Gemini Robotics-ER 1.6

Overview

Freshness note: Model capabilities, limits, and pricing can change quickly. This profile is a point-in-time snapshot last verified on June 8, 2026.

Gemini Robotics-ER 1.6 is Google’s robotics-tuned Gemini variant, published as gemini-robotics-er-1.6-preview. It is built as a vision-language model for advanced reasoning in the physical world: interpreting complex visual data, performing spatial reasoning, and planning actions from natural-language commands.

This is a specialized model. For typical chat or coding workflows, the standard Gemini 3.1 Pro line is the right reference. Robotics-ER 1.6 is the entry to consult when the question is “how does Google approach embodied reasoning for physical agents?”

Capabilities

Google’s current model and pricing docs highlight a specific capability profile:

Embodied reasoning for robots and physical-world agents.
Text, image, video, and audio inputs with text output.
Spatial and physical reasoning for interpreting visual scenes and planning actions.
Tool-oriented capabilities including function calling, code execution, file search, URL context, search grounding, Google Maps grounding, Computer Use, structured outputs, thinking, caching, batch, flex, and priority inference.
No image generation, audio generation, or Live API support on the current model page.

Technical Details

Public anchors at this snapshot:

Model ID: gemini-robotics-er-1.6-preview
Input token limit: 131,072
Output token limit: 65,536
Inputs: text, images, video, and audio
Output: text
Designed as a planner and reasoning model for physical-world workflows, not as a generic chat model.
Available through the Gemini API and Google AI Studio at this snapshot.
Marked as a preview release; DeepMind may adjust capabilities and access before GA.

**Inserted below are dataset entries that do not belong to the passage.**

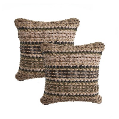 HomeRoots Set of Two 18" Brown and Dark Green Striped Cotton Blend Throw Pillows with Texture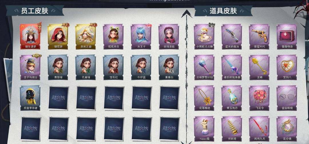 1红皮 2金皮 1魔盒 4紫皮 巫铃儿-镜生遗梦,巫铃儿-镜花辞,薇薇安-圣光之谕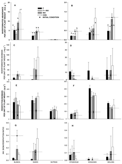 The invertebrate to periphyton biomass ratio (InvBiom:periphyt) was also calculated by dividing the sum of gatherers, shredders and scrapers invertebrate biomasses (mg/g plant) by periphyton biomass (μg/g plant) measured as Chl-a (Chl-a concentration converted to periphyton DW, using a Chl-a:C ratio of 30 and a DW:C ratio of 2.2 [54]). We recaptured the added fish and predatory macroinvertebrates (P. argentinus and G. lacustris) after the final sampling (TF) by electro-fishing and by vigorously sweeping a hand net inside the mesocosms.

Google’s deprecation table lists no shutdown date for gemini-robotics-er-1.6-preview at this snapshot.

Pricing & Access

Google’s current pricing page lists a separate Robotics-ER 1.6 Preview tier:

Input: $1.00 per 1M text, image, or video tokens
Input: $2.00 per 1M audio tokens
Output: $5.00 per 1M tokens
Batch: $0.50 text/image/video input,$ 1.00 audio input, and $2.50 output per 1M tokens

Access options:

Gemini API for developers
Google AI Studio for prototyping
Vertex AI / Gemini deployment paths where this preview model is enabled

Best Use Cases

Choose Gemini Robotics-ER 1.6 for:

Industrial inspection workflows where reading analog gauges and instruments matters.
Robotics planners that delegate motor control to VLA models while keeping high-level reasoning in a frontier model.
Embodied agents that need spatial reasoning, multi-view understanding, and tool-call orchestration in one surface.
Research and prototyping work around robotics planning, physical-scene interpretation, and tool-using embodied agents.

This is not the right model for general assistant work, chat, or non-physical agentic coding; the standard Gemini 3.1 Pro and Flash lines are better defaults there.

Comparisons

Gemini Robotics-ER 1.5 (Google): Direct predecessor; 1.6 is the current documented Robotics-ER preview route.
Gemini 3.5 Flash (Google): General-purpose fast Gemini model; Robotics-ER 1.6 is the robotics-specialized counterpart with embodied-reasoning positioning.
Other embodied-AI research models: Typically narrower research demos; Robotics-ER 1.6 differentiates through Gemini API access, physical-world reasoning, and broad tool support.